[TASK]
Of all the entries below, only the lines from the one with "44. Install the" up to and including the one with "これは平田氏によって何気なく" are to be duplicated exactly.

[RECORDS SUPPLIED]
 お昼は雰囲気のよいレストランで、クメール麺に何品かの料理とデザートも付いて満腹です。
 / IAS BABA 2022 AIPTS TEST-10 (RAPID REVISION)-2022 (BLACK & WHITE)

* * *

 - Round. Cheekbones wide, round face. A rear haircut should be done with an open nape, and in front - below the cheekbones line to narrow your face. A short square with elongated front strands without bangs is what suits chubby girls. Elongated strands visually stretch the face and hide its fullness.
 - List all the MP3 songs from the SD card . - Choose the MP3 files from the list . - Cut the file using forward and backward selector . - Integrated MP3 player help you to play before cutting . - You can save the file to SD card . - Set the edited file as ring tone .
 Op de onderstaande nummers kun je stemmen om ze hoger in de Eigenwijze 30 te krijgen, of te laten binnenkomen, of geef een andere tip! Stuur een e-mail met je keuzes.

--

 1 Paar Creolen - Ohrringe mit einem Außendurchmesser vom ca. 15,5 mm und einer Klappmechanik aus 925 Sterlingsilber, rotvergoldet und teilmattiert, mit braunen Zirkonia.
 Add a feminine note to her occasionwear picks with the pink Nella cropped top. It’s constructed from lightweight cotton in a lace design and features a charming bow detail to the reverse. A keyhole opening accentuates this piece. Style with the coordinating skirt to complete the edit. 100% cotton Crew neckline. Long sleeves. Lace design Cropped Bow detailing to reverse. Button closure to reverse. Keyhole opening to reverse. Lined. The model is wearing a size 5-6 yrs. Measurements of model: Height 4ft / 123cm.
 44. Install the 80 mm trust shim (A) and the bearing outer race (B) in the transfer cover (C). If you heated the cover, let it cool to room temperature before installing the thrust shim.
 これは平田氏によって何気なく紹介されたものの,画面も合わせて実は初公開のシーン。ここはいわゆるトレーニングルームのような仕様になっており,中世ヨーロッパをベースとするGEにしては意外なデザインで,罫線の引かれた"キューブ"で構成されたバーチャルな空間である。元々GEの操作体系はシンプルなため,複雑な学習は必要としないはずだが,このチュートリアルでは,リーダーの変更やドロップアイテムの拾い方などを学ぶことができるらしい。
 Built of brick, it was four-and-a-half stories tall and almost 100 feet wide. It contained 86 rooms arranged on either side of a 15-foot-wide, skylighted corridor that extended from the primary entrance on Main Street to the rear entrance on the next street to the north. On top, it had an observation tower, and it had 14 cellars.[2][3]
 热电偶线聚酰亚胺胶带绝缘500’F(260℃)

[EXERCISE SOLUTION]
 44. Install the 80 mm trust shim (A) and the bearing outer race (B) in the transfer cover (C). If you heated the cover, let it cool to room temperature before installing the thrust shim.
 これは平田氏によって何気なく紹介されたものの,画面も合わせて実は初公開のシーン。ここはいわゆるトレーニングルームのような仕様になっており,中世ヨーロッパをベースとするGEにしては意外なデザインで,罫線の引かれた"キューブ"で構成されたバーチャルな空間である。元々GEの操作体系はシンプルなため,複雑な学習は必要としないはずだが,このチュートリアルでは,リーダーの変更やドロップアイテムの拾い方などを学ぶことができるらしい。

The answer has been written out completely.